In SQUID GAME (Netflix, Korean), a group of financially desperate people are recruited to participate in a series of games for a cash prize worth billions. I absolutely loved this gripping, violent, and emotionally devastating show, with a few reservations.
The first episode introduces us to Seong Gi-hun, a divorced chauffeur heavily in debt, who dips into his mother’s savings to gamble. In the opening, we see him as a boy playing a children’s game called the Squid Game, how when he won he felt on top of the world. Years later, he’s not as good at the game of life and gambles to get above water financially and hopefully reclaim that feeling of winning from long ago. True to the best South Korean films, we have a protagonist who is a heavily flawed loser but also eminently relatable and likeable.
When a mysterious organization invites him to participate in various games for cash prizes, he volunteers. Suddenly, he’s competing along with 455 other people in a series of children’s games. It looks like fun, only the trick is the losers die, and with each death, the cash prize for the winners goes up. The games break them down into smaller groups until it’s basically every person for themselves, and they realize they’re not only betting their lives, they’re selling their souls and very humanity, showing what they’re all truly made of. Along the way, we meet and sympathize with other terrific characters, each with their own personal reason for competing, making this their story as much as Seong Gi-hun’s.

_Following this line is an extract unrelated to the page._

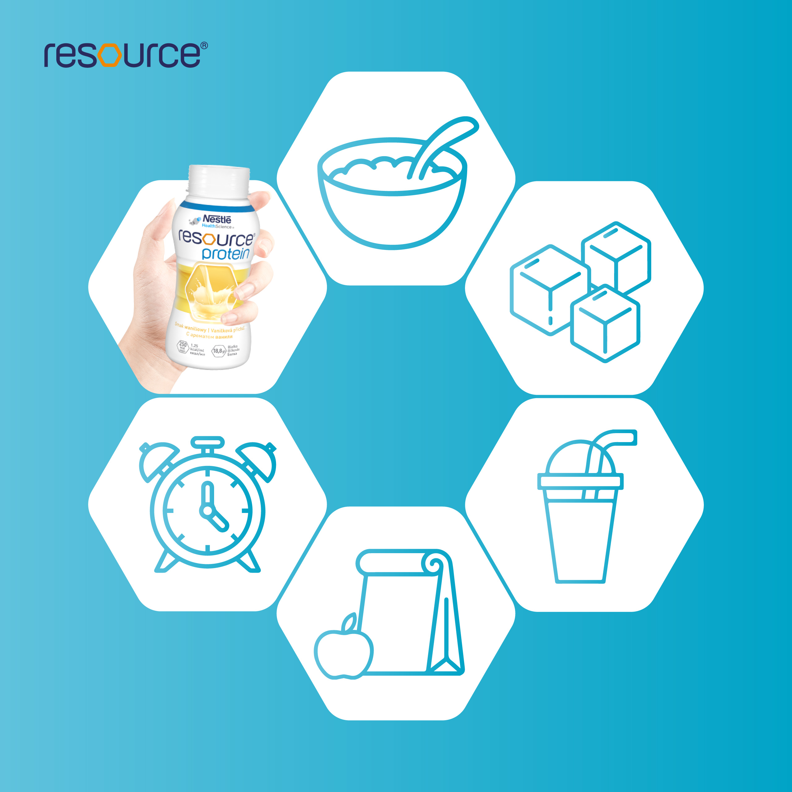 Откройте для себяспециализированныйy питательный препаратResource Proteinванильсо вкусом, которыйполный в виде питательной жидкости с высоким содержанием белка. диета

The show has been compared to ALICE IN BORDERLAND, a similar Japanese series, but I personally found SQUID GAME far superior and more compelling, as it goes far deeper into character and theme, which invested me so much more heavily such that I found it emotionally devastating while I found ALICE only titillating. The games are just brutal, absolutely riveting stuff, and the stakes are devastating, with plenty of physical challenges and psychological twists. The sets and costumes in the game world are terrific. The theme is pretty simple: Capitalism brutalizes people, resulting in a boredom among the rich and a desperation among the poor uniting them in psychopathy.

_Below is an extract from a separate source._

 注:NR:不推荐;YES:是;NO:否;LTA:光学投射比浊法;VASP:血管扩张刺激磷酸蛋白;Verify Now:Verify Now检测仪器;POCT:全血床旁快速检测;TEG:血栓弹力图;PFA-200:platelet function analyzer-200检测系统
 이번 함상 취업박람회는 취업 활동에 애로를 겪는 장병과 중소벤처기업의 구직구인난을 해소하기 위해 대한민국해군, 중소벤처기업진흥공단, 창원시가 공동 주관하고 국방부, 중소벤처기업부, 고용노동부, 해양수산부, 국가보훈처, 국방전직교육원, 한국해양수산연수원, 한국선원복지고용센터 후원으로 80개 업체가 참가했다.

I had two criticisms. One is that a side plot produces a terrific perspective on what’s going on but doesn’t really go anywhere except possibly to influence the events in a second season. The second is the ending, which I found pretty disappointing as it chose a resolution that didn’t resonate with me.
Overall, SQUID GAME is just great storytelling: people you care about challenged and absolutely brutalized by games with the highest stakes–your life and more money you could spend in a lifetime.